■ **Required work**
The answer is to consist only of an exact retyping of the lines from the one containing "Rolex Oyster perpetual" to the end of the entries, without pictures.

■ **Dataset records**

========================================

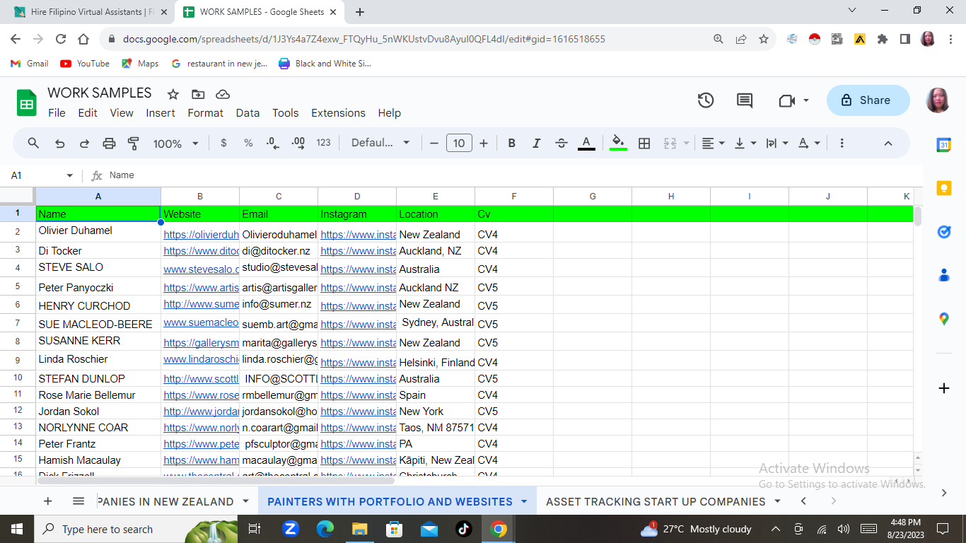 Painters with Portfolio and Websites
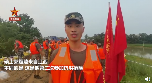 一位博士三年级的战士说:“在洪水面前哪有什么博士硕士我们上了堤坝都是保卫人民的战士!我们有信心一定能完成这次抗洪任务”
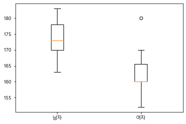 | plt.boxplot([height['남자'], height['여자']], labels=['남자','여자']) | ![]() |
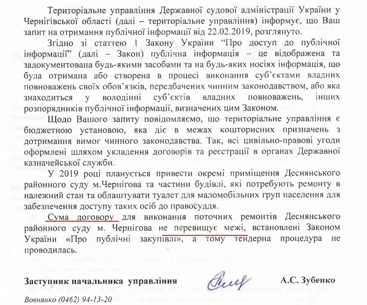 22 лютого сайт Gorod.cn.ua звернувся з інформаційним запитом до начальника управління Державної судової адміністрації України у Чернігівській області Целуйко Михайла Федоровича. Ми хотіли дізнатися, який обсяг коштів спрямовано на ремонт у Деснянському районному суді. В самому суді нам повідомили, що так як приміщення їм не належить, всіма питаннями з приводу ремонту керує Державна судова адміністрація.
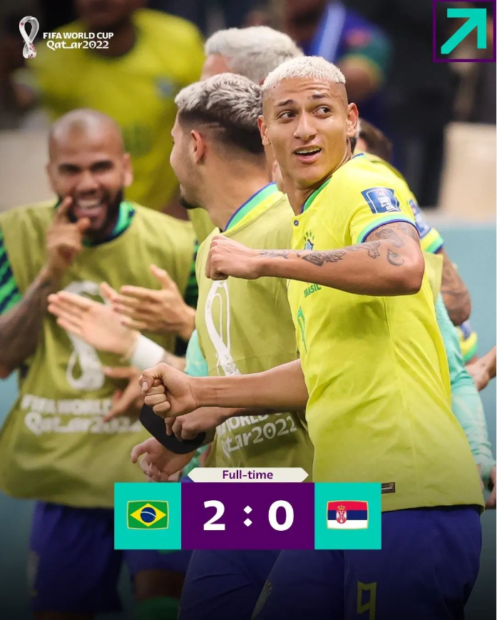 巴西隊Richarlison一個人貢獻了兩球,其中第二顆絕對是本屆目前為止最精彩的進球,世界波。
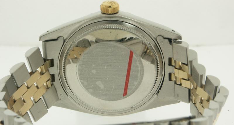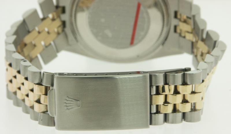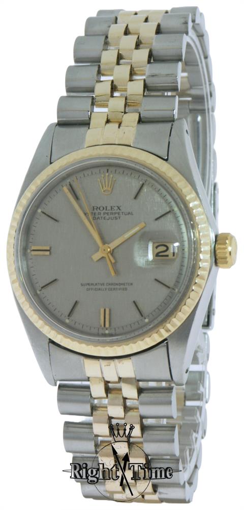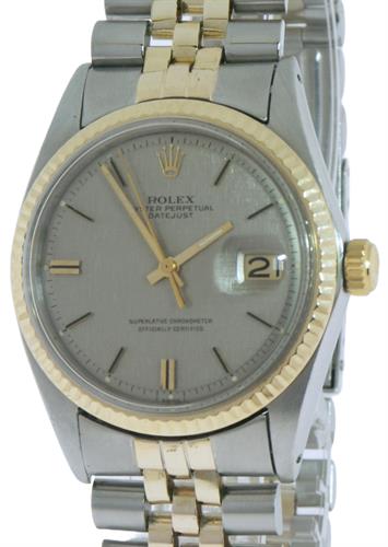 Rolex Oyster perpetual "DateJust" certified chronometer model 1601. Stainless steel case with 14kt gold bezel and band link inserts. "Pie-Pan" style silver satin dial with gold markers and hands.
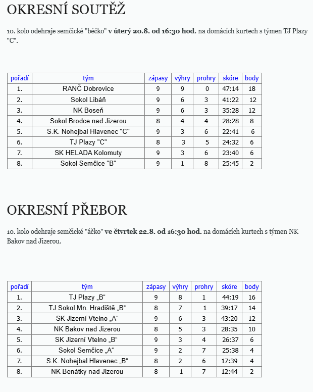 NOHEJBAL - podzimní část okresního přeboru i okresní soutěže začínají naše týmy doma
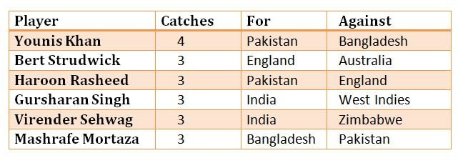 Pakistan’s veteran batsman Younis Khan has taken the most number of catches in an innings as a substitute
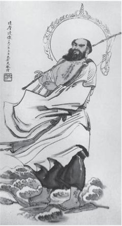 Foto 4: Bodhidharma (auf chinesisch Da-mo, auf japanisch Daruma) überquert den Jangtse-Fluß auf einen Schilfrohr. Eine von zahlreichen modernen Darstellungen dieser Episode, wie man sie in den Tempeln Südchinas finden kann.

========================================

■ **Task response**
 Rolex Oyster perpetual "DateJust" certified chronometer model 1601. Stainless steel case with 14kt gold bezel and band link inserts. "Pie-Pan" style silver satin dial with gold markers and hands.
 NOHEJBAL - podzimní část okresního přeboru i okresní soutěže začínají naše týmy doma
 Pakistan’s veteran batsman Younis Khan has taken the most number of catches in an innings as a substitute
 Foto 4: Bodhidharma (auf chinesisch Da-mo, auf japanisch Daruma) überquert den Jangtse-Fluß auf einen Schilfrohr. Eine von zahlreichen modernen Darstellungen dieser Episode, wie man sie in den Tempeln Südchinas finden kann.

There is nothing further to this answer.